Work to be completed
There is one span to output from the data below: the lines starting at the line with "This Haas &" and ending at the line with "Jean Paul Jean". Output it exactly, ends included, nothing more.

Start of Data to use

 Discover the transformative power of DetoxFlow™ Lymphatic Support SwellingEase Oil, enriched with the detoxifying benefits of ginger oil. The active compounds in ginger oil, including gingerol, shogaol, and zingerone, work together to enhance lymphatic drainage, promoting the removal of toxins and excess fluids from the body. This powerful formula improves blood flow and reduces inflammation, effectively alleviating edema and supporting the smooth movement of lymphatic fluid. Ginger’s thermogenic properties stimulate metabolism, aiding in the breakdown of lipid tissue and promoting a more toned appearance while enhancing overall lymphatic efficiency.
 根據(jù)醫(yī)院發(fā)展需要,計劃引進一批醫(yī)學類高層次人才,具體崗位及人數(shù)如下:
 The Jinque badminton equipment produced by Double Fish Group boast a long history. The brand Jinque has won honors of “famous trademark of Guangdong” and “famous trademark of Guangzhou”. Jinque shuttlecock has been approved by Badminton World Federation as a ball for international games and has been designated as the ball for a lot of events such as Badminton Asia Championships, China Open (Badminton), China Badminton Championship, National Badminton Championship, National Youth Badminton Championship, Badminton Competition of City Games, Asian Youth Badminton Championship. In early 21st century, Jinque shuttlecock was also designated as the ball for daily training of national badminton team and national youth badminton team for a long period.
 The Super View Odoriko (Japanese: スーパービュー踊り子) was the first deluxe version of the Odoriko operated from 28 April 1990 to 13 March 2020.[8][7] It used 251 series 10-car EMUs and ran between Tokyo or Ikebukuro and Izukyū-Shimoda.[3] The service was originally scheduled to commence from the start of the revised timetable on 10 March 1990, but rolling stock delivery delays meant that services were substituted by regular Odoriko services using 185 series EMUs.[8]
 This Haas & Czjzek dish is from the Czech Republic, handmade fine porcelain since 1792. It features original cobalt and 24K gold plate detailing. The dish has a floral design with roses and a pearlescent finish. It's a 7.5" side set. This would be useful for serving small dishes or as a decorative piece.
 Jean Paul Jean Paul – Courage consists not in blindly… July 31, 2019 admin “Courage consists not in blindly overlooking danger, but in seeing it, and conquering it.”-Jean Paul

End of Data to use
Start of Data to use

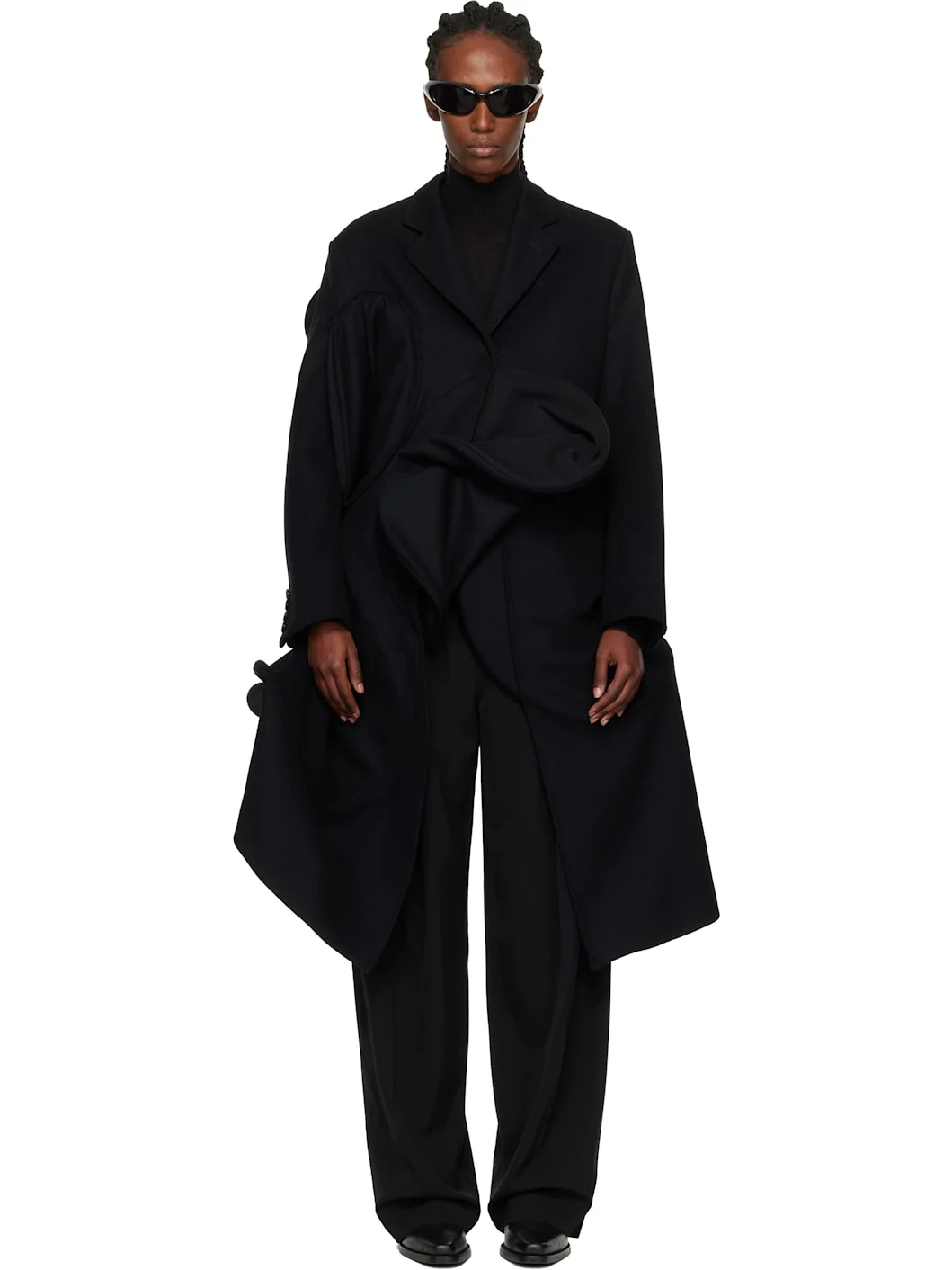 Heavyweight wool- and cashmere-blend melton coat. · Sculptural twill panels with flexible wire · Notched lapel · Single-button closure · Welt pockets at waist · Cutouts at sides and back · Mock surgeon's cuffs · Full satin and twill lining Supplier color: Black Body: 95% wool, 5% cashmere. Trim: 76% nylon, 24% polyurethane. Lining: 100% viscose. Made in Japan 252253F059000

End of Data to use
Start of Data to use

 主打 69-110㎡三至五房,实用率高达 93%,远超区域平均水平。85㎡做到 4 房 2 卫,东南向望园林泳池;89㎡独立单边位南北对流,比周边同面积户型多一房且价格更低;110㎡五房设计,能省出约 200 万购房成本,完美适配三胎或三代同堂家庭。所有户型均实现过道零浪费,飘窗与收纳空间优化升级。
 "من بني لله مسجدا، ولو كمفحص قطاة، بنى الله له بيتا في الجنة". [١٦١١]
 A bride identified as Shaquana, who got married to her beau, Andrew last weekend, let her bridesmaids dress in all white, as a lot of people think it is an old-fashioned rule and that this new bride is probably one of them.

End of Data to use

Solution to the exercise
 This Haas & Czjzek dish is from the Czech Republic, handmade fine porcelain since 1792. It features original cobalt and 24K gold plate detailing. The dish has a floral design with roses and a pearlescent finish. It's a 7.5" side set. This would be useful for serving small dishes or as a decorative piece.
 Jean Paul Jean Paul – Courage consists not in blindly… July 31, 2019 admin “Courage consists not in blindly overlooking danger, but in seeing it, and conquering it.”-Jean Paul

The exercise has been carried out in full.